Background:¹⁸F-fluoro-2-deoxyglucose positron emission tomography (¹⁸F-FDG-PET) may be used for assessing radiation induced alterations in the lung. However, there is a need to further develop methodologies to improve quantification. Using computed tomography (CT), a local structure method has been shown to be superior to conventional CT-based analysis. Here, we investigate whether the local structure method based on ¹⁸F-FDG-PET improves radiotherapy (RT) dose–response quantification for lung cancer patients.

Material and methods: Sixteen patients with lung cancer undergoing fractionated RT were examined by ¹⁸F-FDG-PET/CT at three sessions (pre, mid, post) and the lung was delineated in the planning CT images. The RT dose matrix was co-registered with the PET images. For each PET image series, mean (μ) and standard deviation (σ) maps were calculated based on cubes in the lung (3 × 3 × 3 voxels), where the spread in pre-therapy μ and σ was characterized by a covariance ellipse in a sub-volume of 3 × 3 × 3 cubes. Mahalanobis distance was used to measure the distance of individual cube values to the origin of the ellipse and to further form local structure ‘S’ maps. The structural difference maps (ΔS) and mean difference maps (Δμ) were calculated by subtracting pre-therapy maps from maps at mid- and post-therapy. Corresponding maps based on CT images were also generated.
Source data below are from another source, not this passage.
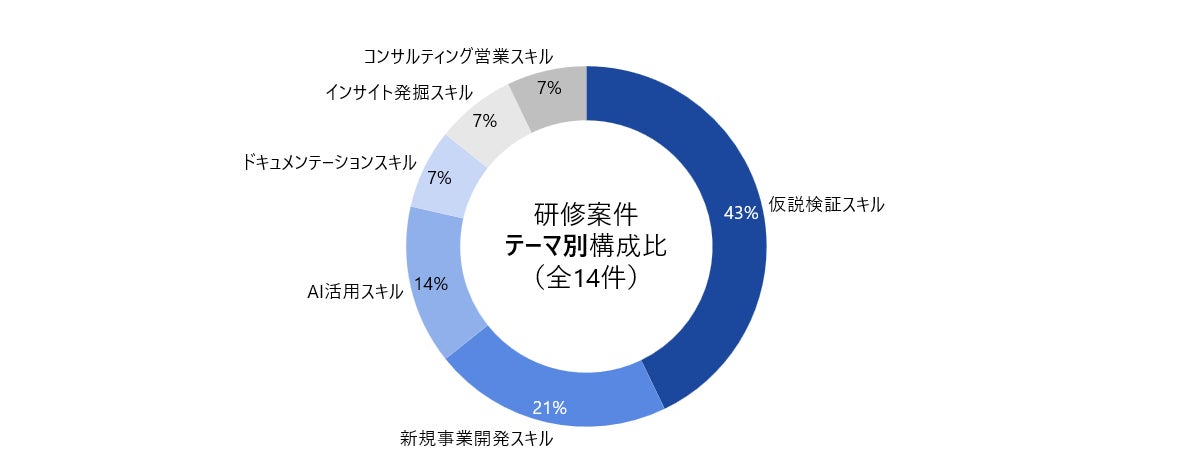 研修サービスについては、インタビュースキル、新規事業開発スキル、AIリサーチスキルの習得などを目的としたご依頼を多数いただいております。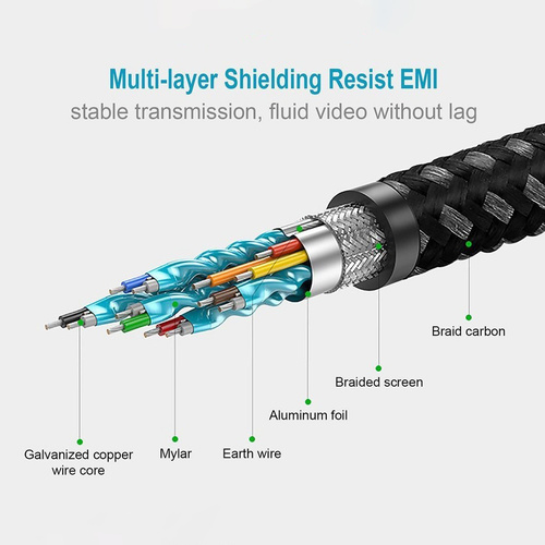 کابل 2.0 HDMI برند UGREEN مدل 50108 به طول 2 متر و دارای روکش بافت کنفی بسیار مقاوم می باشد. ورژن این کابل 2 می باشد و از تصاویر 4k به آسانی پشتیبانی میکند. جنس سر سوکت ها فلزی و با روکش طلا پوشانده شده اند و جنس استفاده شده داخل کابل نیز مس و شیلددار می باشد و از این جهت تصویری کاملا بدون نویز به کاربر ارائه میکند. سرعت انتقال اطلاعات در این کابل 18 گیگابیت بر ثانیه و نرخ سیگنال 60 هرتز را انتقال می دهد. از این کابل میتوان برای اتصال کلیه دستگاه های دارای پورت HDMI که لزوروشن بالایی دارند مانند دستگاه های ایکس باکس و پلی استیشن استفاده نمود.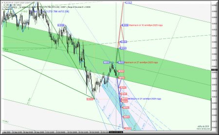 - уровень поддержки 0.9255 на начальной линии SSL вил младшего операционного масштаба Minuette-h1.Нисходящее движение.При пробое начальной линии SSL Minuette-h1 - уровень поддержки 0.9255 - нисходящее движение Euro vs Swiss Franc будет продолжено к нижней границе ISL61.8 (0.9244) зоны равновесия вил старшего операционного масштаба Minute-h4 с последующей возможностью достижения этим кросс инструментом границ канала 1/2 Median Line Minuette-h1 (0.9228 - 0.9218 - 0.9205) и зоны равновесия (0.9209 (minimum от 21 октября 2025 года) - 0.9195 - 0.9180) вил младшего операционного масштаба Minuette-h1.Восходящее движение.В случае пробоя maximum 0.9269 от 27 октября 2025 года на срединной линии Median Line Minute-h4 восходящее движение EUR/CHF может получить развитие к целям:- верхняя граница ISL38.2 (0.9292) зоны равновесия вил старшего операционного масштаба Minute-h4;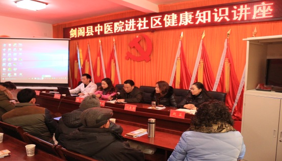 为践行党的群众路线教育,密切服务百姓,2016年1月25日下午,剑阁县中医院由医务人员组成的党员志愿服务队在党委书记王国道、副书记赵鸿的带领下,走进普安卧龙社区开展健康知识讲座,发放健康知识读本近200份,讲座现场进行疾病咨询、医疗答疑,共有40余位老年人前来学习健康知识。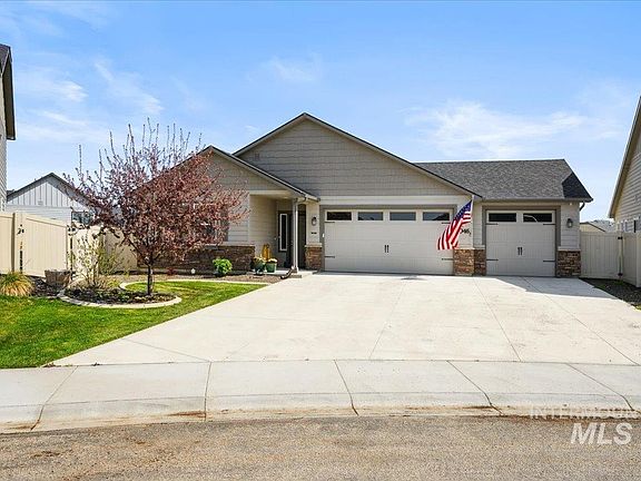 Charming single-level home that offers both space and comfort with 4 bed, 2 bath and an option of a bonus room with French style double doors. The open kitchen has ample counter space with beautiful granite counters with the added appeal of an optional desk or beverage center. There is plenty of cupboard storage along with a spacious pantry and a breakfast bar. Enjoy the open living area with natural light from the windows and the adjoining dining area that complete this eating and entertainment space. The spacious and private master suite boasts a dual vanity bathroom, separate shower and a large walk-in closet. Great sized backyard with vinyl fencing and cement curbing with landscaping boarding the perimeter. Enjoy the oversized back patio which is great for entertaining! Ample 3-car garage that offers plenty of storage. Move in ready! Close to all the shops & restaurants in Kuna, Discovery park, Falcon Crest Golf Course & easy trip to the freeway!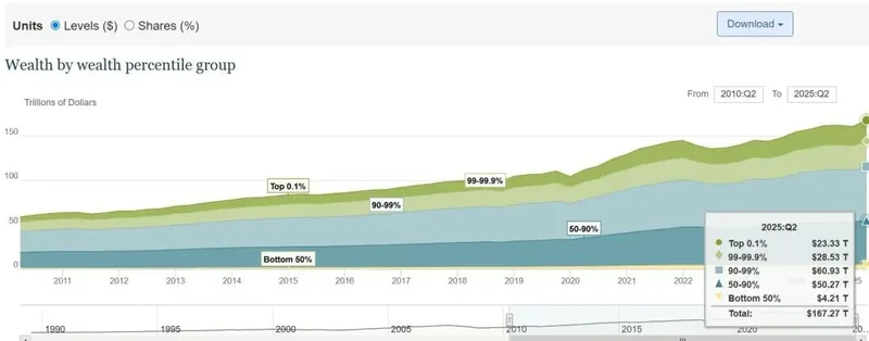 顶层1%家庭掌控32.3%的社会财富,87%的高收入家庭通过资本市场获利;而中低收入群体工资涨幅(1.4%-2.3%)远低于通胀率(2.7%),实际购买力持续萎缩,家庭债务总额攀升至18.59万亿美元,信用卡平均年化利率高达22.25%,多数人靠借贷维持生计,毫无风险缓冲能力。

Results: ΔS identified new areas of interest in the lung compared to conventional Δμ maps. ΔS for PET and CT gave a significantly elevated lung signal compared to a control group during and post-RT (p < .05). Dose–response analyses by linear regression showed that ΔS between pre- and post-therapy for ¹⁸F-FDG-PET was the only parameter significantly associated with local lung dose (p = .04).

Conclusions: The new method using local structures on ¹⁸F-FDG-PET provides a clearer uptake dose–response compared to conventional analysis and CT-based approaches and may be valuable in future studies addressing lung toxicity.